Even as we worked on the piece, though, we knew it was likely a lost cause. Exxon wanted it (“the sooner this happens, the better for us,” its spokesman explained), and there was simply no way to rally a fight against the change with every environmental journalist on earth focused instead on the outcome of the Paris talks.
And so the ban was lifted, and the damage has been massive. America is now the largest exporter of gas and oil on earth, having roared past Russia and Saudi Arabia. What Colombia is to cocaine, the U.S. is to hydrocarbons—a supplier/pusher of molecules so dangerous that the two poles are now melting fast.
Sadly, the damage is set to get far worse: As Oil Change International said in a landmark September report, the U.S. is responsible for more than a third of planned fossil fuel expansion around the world between now and 2030, far more than any other country. We are, it concluded, the “Planet Wrecker in Chief.” (The other biggest troublemakers include Canada, Norway, and Australia, which is to say rich well-educated countries that can find plenty of other ways to make a living).
Our status as planet-wrecker is most obvious when it comes to liquefied natural gas. I wrote a few weeks ago about the plans for 20 more massive LNG terminals, mostly along the Gulf of Mexico. The proponents justified them as “cleaner than coal,” arguing that gas would serve as a transition fuel in Asian nations; as I pointed out, the world no longer officially believes in this kind of transition, but instead is committed to net zero policies; the International Energy Agency has called for an end to all such new infrastructure.
But it turns out that even on those narrow grounds—“better than coal”—American gas exports are absurd. As I reported yesterday in The New Yorker, new data from the dean of methane scientists, Cornell’s Bob Howarth, shows that so much methane escapes from the ships carrying LNG abroad that when all is said and done it’s at least 24% worse for the climate than coal.

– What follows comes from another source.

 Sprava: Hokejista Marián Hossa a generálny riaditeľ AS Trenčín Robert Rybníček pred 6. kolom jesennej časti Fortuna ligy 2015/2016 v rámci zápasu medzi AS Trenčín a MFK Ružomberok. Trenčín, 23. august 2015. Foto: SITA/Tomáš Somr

This new data perhaps will help persuade the Biden administration to do the right thing—to announce a halt to licensing any new LNG facilities until they have spent a few years doing a careful analysis to figure out what a piece of folly this is. And they can make that announcement with political cover: Then as now, polling data shows Americans hate fracking up our nation only to export the results, understanding that it will drive up the cost of energy for Americans.
They must do it, because the numbers are simply astonishing. As Jeremy Symons has calculated, if the industry gets to build out all those facilities, they will be associated with an extra 3.2 billion tons of greenhouse-gas emissions annually, which is close to the entire annual emissions of the European Union. That is insane.

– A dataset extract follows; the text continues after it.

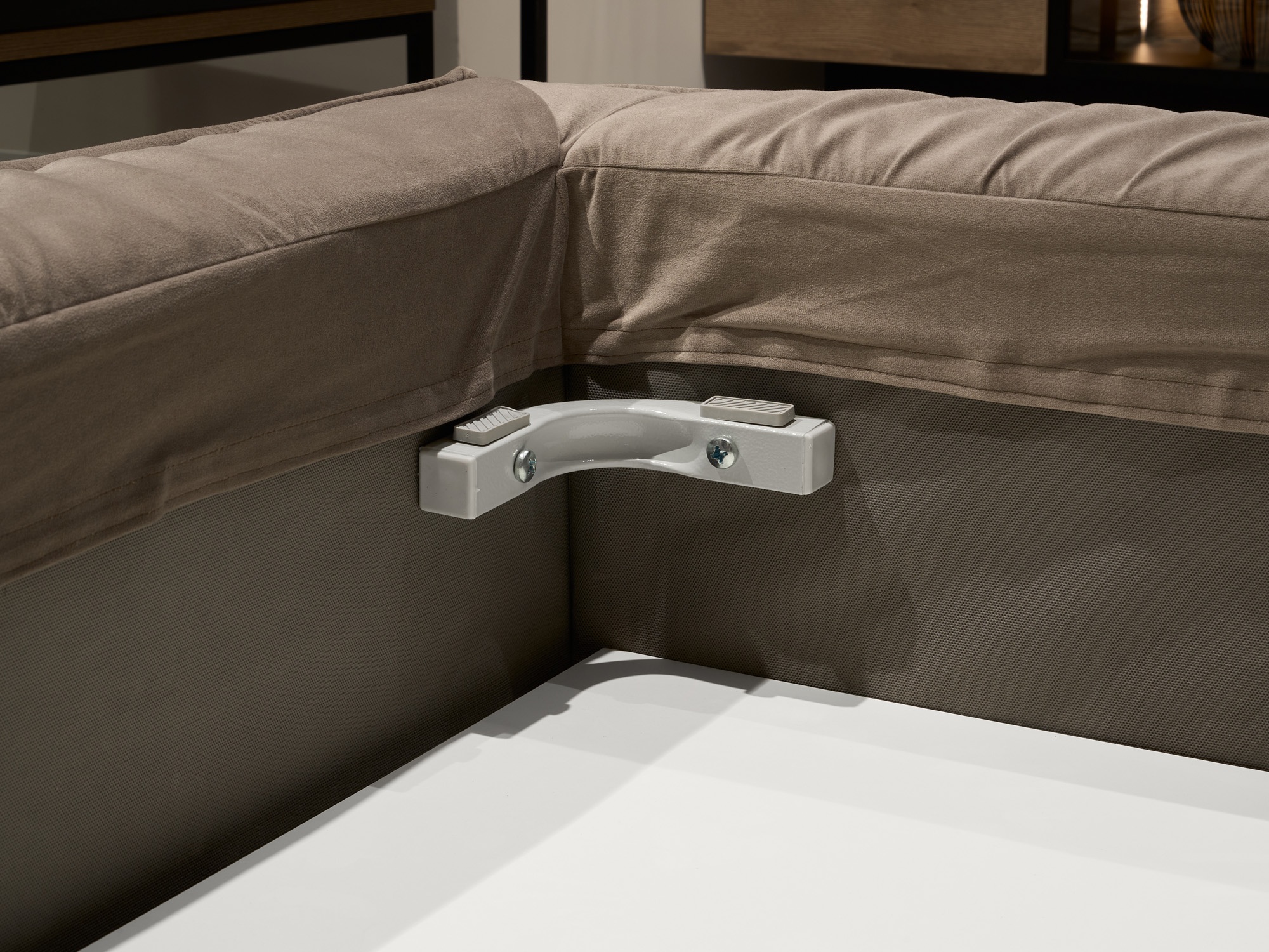 Ортопедическая решетка снабжена двумя тканевыми ручками для удобства подъема. Ручки изготовлены из ткани обивки и не портят внешний вид кровати.

But Biden could—again, without doing himself political damage, and perhaps recouping some of the goodwill lost when he opened up Alaska to new oil drilling this summer—begin to stuff this export genie back into the bottle, undoing at least a little of the enormous damage that this Obama-era concession produced.

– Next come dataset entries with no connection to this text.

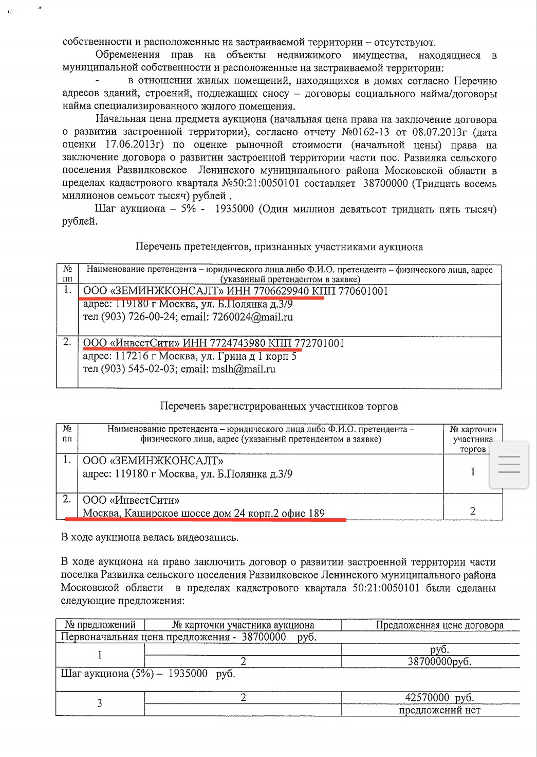 В аукционе принимали участия две аффилированные компании ООО ИнвестСити и ООО Земинжконсалт ( бенефициаром которых является Туровский Олег Аркадьевич)..
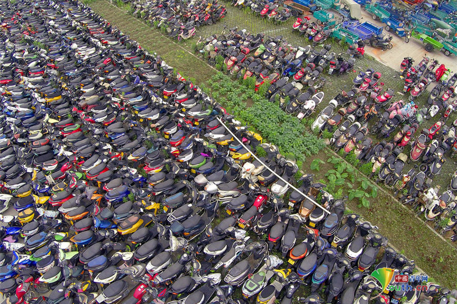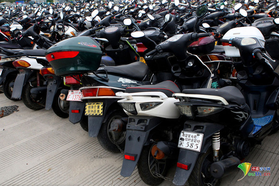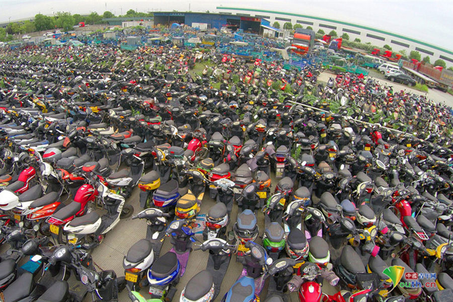 2015年6月4日,超寬、超速、非法營運(yùn)三輪電摩及各種摩托車密密麻麻重重疊疊地堆積在一起,從高空中俯瞰場面震撼。這不只是杭州一家報廢車停車場的情景,幾乎每家停車場都如此。工作人員說,這都是交警執(zhí)法過程中收繳的。工作人員跟記者抱怨說,電摩停放時間太長,再不拆解都停不下了!據(jù)負(fù)責(zé)人介紹,杭州自禁摩托車以來,總有一些違規(guī)者偷偷地利用摩托車充當(dāng)黑摩的。此舉既不安全,也暗藏各種不安全因素。2014年,杭州有204人死于涉及電瓶車的交通事故;在所有交通事故中,涉及電瓶車的占到四成以上。3月25日,有杭州媒體報道,杭州收繳的電動車已堆滿停車場,據(jù)估算馬路上還有百萬輛以上超標(biāo)車。(金童子/攝)
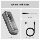 PERFECTLY COOK 3 FOODS AT ONE TIME: This set of 3 thermometers takes away the guesswork with individual time and temperature tracking for 3 different foods simultaneously. UNLIMITED WIRELESS RANGE: Long-range connectivity means you can remotely monitor cooking while chatting with friends and family and still get a perfectly cooked meal. QUAD SENSORS: Get maximum cooking accuracy from any angle with 3 internal and 1 ambient sensor. AUDIBLE AND VISUAL REMINDERS: Hear reminders from the charging hub speaker and get app notifications for real-time internal temperature updates, flip reminders, rest indicators, estimated time left, and more. HOURS OF USE WITH MINUTES OF CHARGING: This indoor-outdoor thermometer is ready when you need it with 40+ hours of use from a 10-minute charge or charge for 1 minute and get hours of use. SAFE FOR HIGH HEAT: Safe for temperatures up to 752°F for use in an air fryer, deep fryer, slow cooker, grilling, BBQ, oven, sous-vide, smoking, rotisserie, or convection oven thermometer. EASY-CLEANING: Waterproof and dishwasher-safe probes allow you to soak or toss in with other kitchen dishes for simplified cleanup. COOKING PRESETS: Get help setting optimal cooking times for various foods with choices for meat, cut, and doneness right on the App, or choose from hundreds of delicious recipes. PROTECT YOUR PROTEIN: Ultra-thin design keeps proteins intact and juices inside for perfectly cooked meat every time. SATISFACTION GUARANTEED: Purchase worry-free with a one-year limited warranty from .

We’ve got to hold exporters responsible for the greenhouse gases those exports produce—otherwise we’re just paying games. America is number one here, a truly ignoble distinction. But that means that we have the single greatest remaining chance to limit the damage of fossil fuels. We’re very much in the endgame; the question is who will play it better. The oil industry won in 2015; they’ve got to lose in 2023.